--- DATA ---

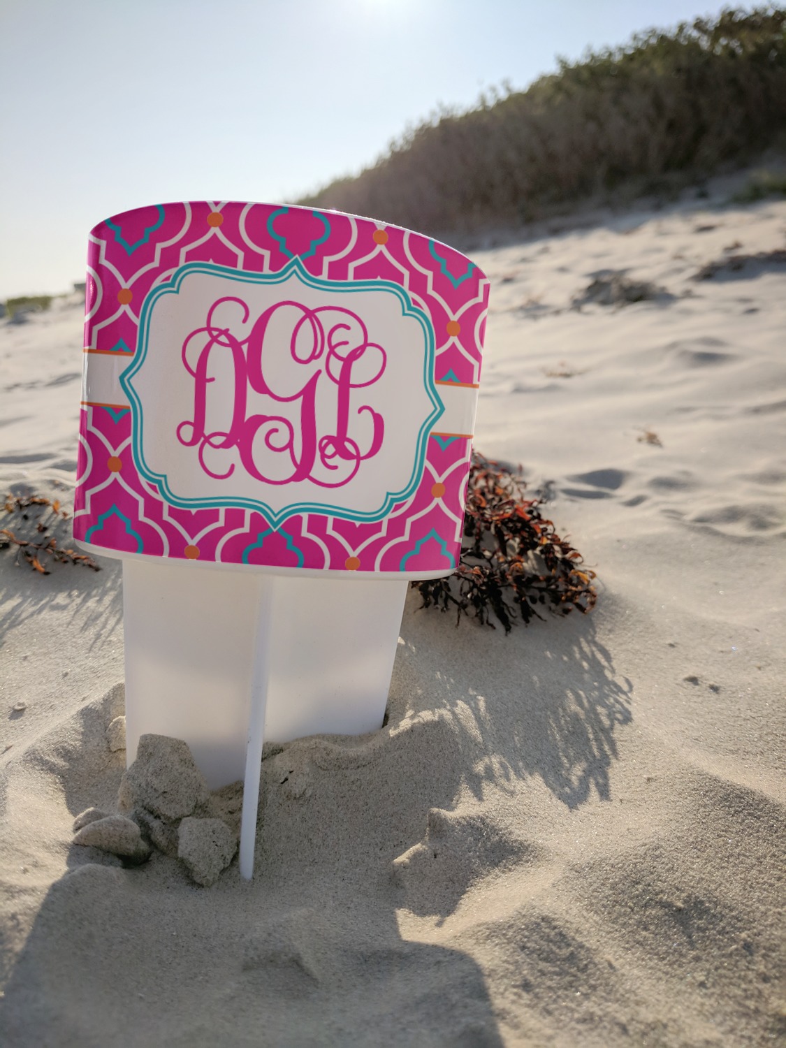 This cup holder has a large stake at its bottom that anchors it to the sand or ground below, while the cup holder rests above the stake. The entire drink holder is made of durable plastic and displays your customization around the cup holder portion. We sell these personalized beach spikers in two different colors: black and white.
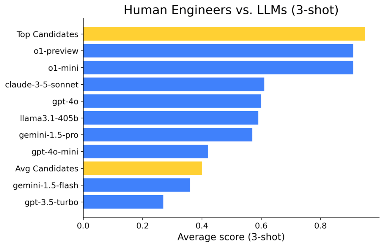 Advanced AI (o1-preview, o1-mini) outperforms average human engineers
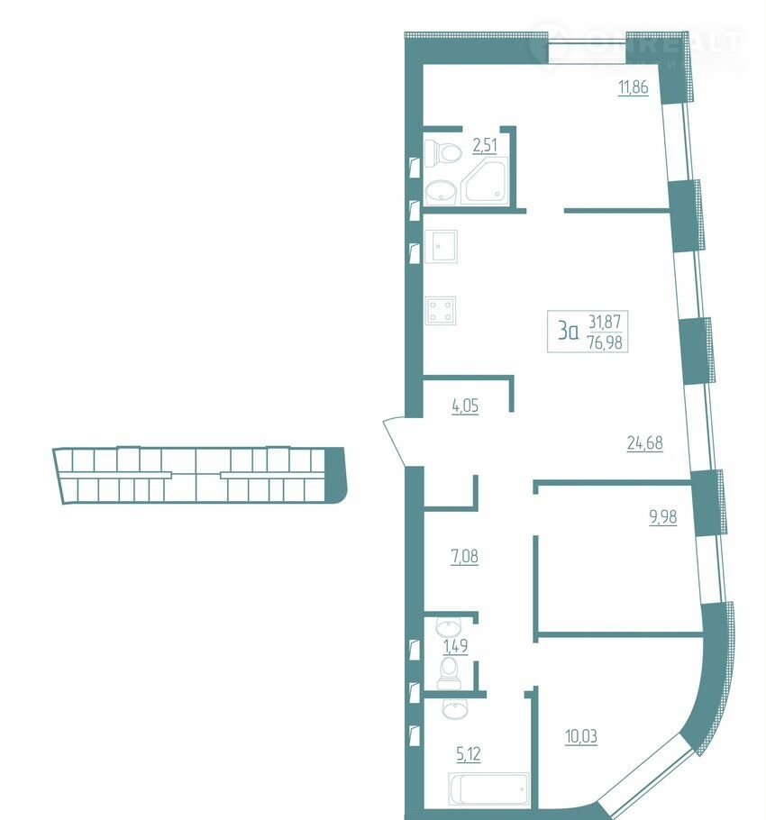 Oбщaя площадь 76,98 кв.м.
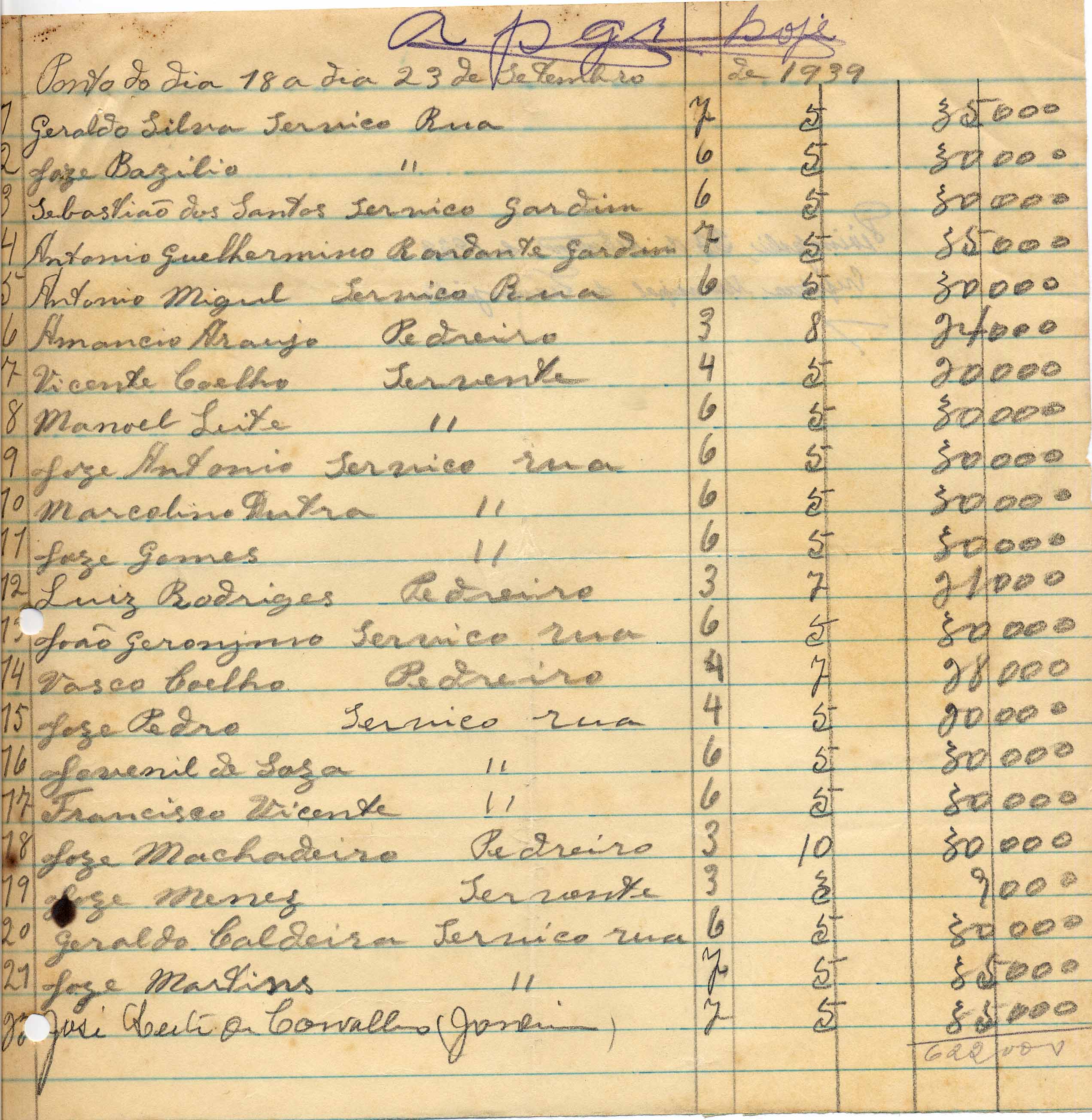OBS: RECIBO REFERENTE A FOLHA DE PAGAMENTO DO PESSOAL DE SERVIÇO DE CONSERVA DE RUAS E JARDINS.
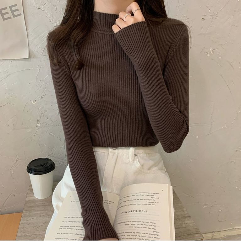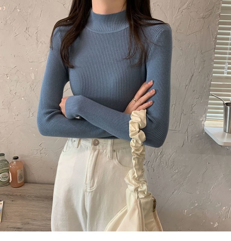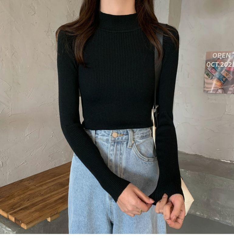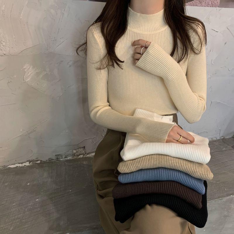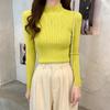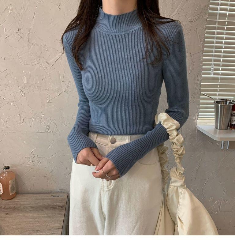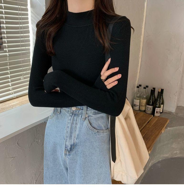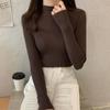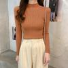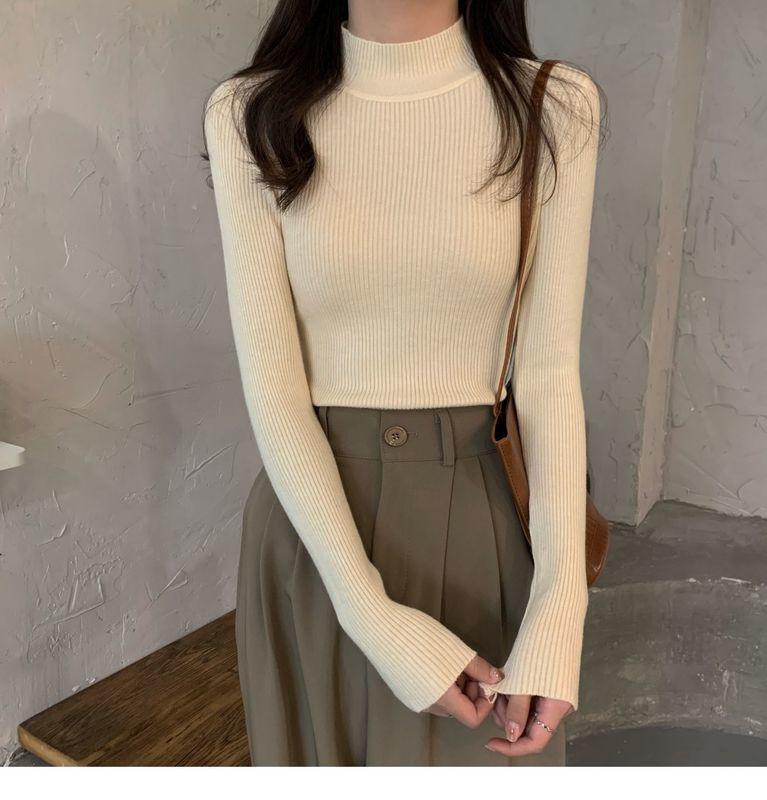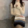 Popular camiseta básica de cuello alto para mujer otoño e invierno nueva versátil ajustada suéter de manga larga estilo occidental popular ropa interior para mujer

---

* **WHAT IS EXPECTED**:
Print the full listing above again with exact wording and no images.

* **FINISHED EXERCISE**:
 This cup holder has a large stake at its bottom that anchors it to the sand or ground below, while the cup holder rests above the stake. The entire drink holder is made of durable plastic and displays your customization around the cup holder portion. We sell these personalized beach spikers in two different colors: black and white.
 Advanced AI (o1-preview, o1-mini) outperforms average human engineers
 Oбщaя площадь 76,98 кв.м.
OBS: RECIBO REFERENTE A FOLHA DE PAGAMENTO DO PESSOAL DE SERVIÇO DE CONSERVA DE RUAS E JARDINS.
 Popular camiseta básica de cuello alto para mujer otoño e invierno nueva versátil ajustada suéter de manga larga estilo occidental popular ropa interior para mujer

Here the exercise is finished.